Senator of the Nevis Island Assembly
- In office 2013–2022

Personal details
- Party: Concerned Citizens' Movement

= Hazel Brandy-Williams =

Nevisian politician

Hazel Brandy-Williams is a Nevisian politician who from 2013 until 2022 served in the Nevis Island Administration as a government minister and in the Nevis Island Assembly as a Senator.

==Early life and career==
She completed a BA in Finance at the University of the Virgin Islands and later completed an MSc in Risk Management & Financial Services from the University of Glasgow. She proceeded to work in various civil service roles in Nevis from 1988 until 2013.

==Political career==
She was first appointed by Concerned Citizens' Movement leader and Premier of Nevis Vance Amory to serve in the Nevis Island Administration (NIA) in January 2013 as the Junior Minister for Gender, Social Affairs, Social Development, Youths and Sports Affairs, Community Affairs, Import and Export Control, and Licensing Unit.
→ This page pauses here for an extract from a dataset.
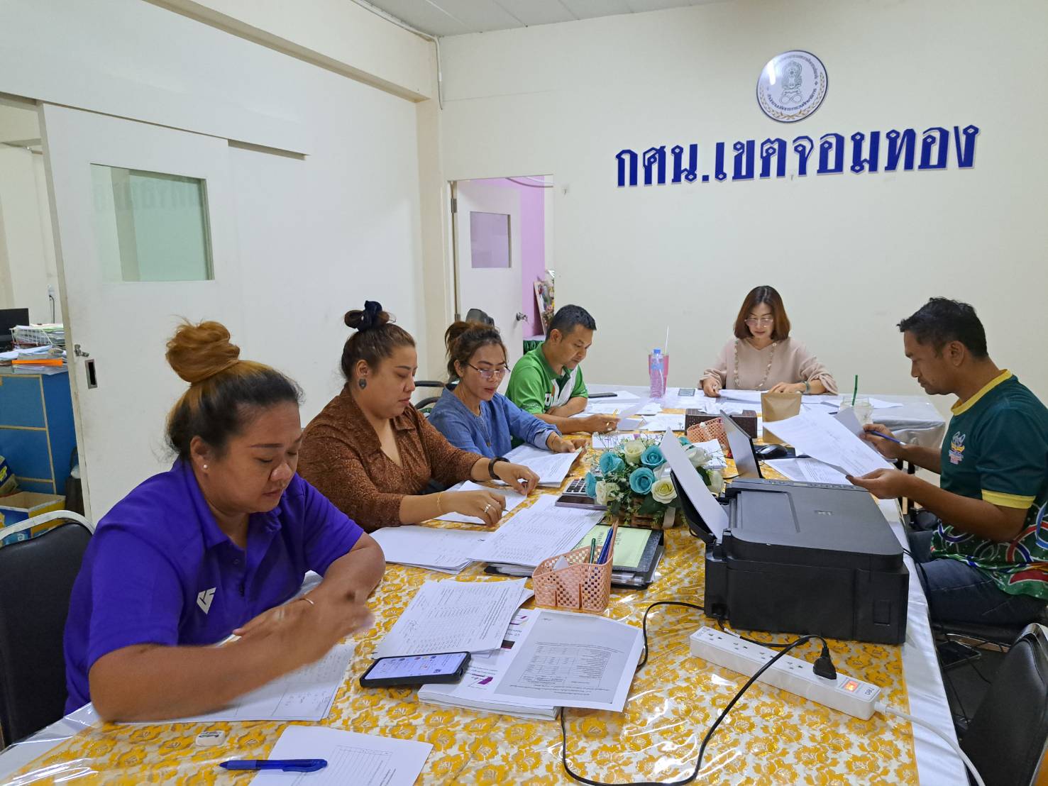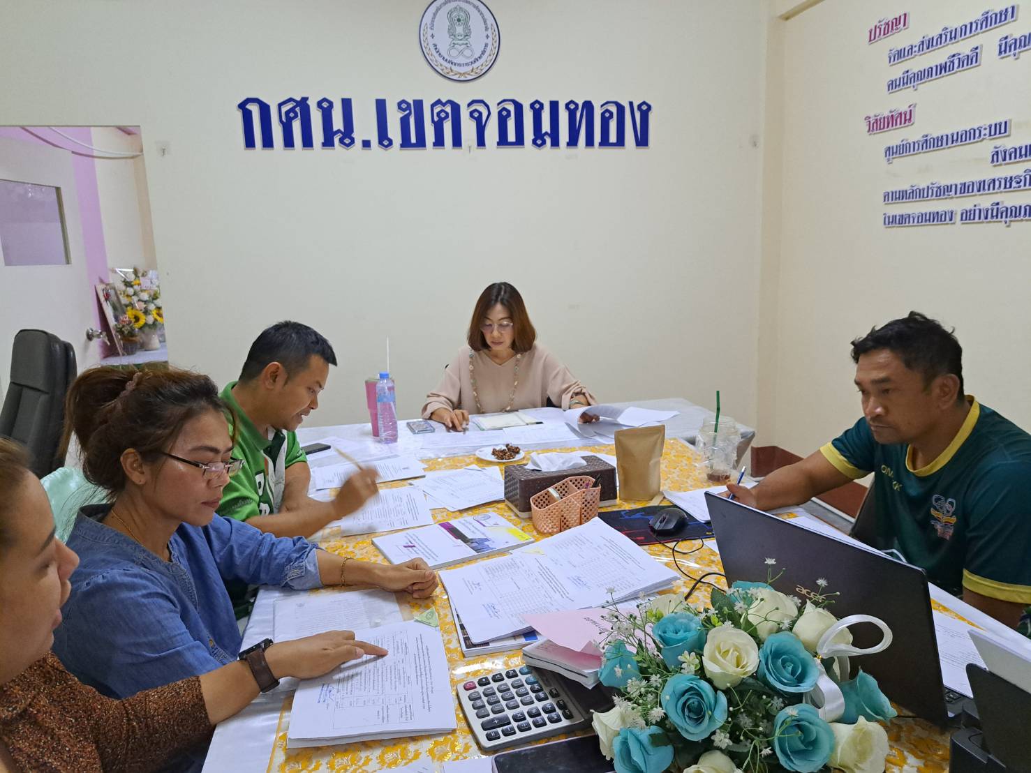 วันพฤหัสบดีที่ 27 เมษายน 2566 นางชงโค สุรเวทวงศ์ภาส ผู้อำนวยการ กศน.เขตจอมทอง ข้าราชการ และคณะครู กลุ่มแผนและการเงิน ประชุมสรุปผลการดำเนินงาน และการใช้จ่ายงบประมาณ ไตรมาส 1-2 รวมทั้งวางแผนการดำเนิน

She was also appointed as a Senator in the Nevis Island Assembly.

In March 2017, she was nominated and later confirmed as party Chairperson of the Concerned Citizens' Movement.

In December 2017, she was re-appointed to the NIA as Junior Minister in the Premier's Ministry with responsibility for Health and Gender Affairs.

She resigned as a Senator shortly before the 2022 Nevis Island Assembly election.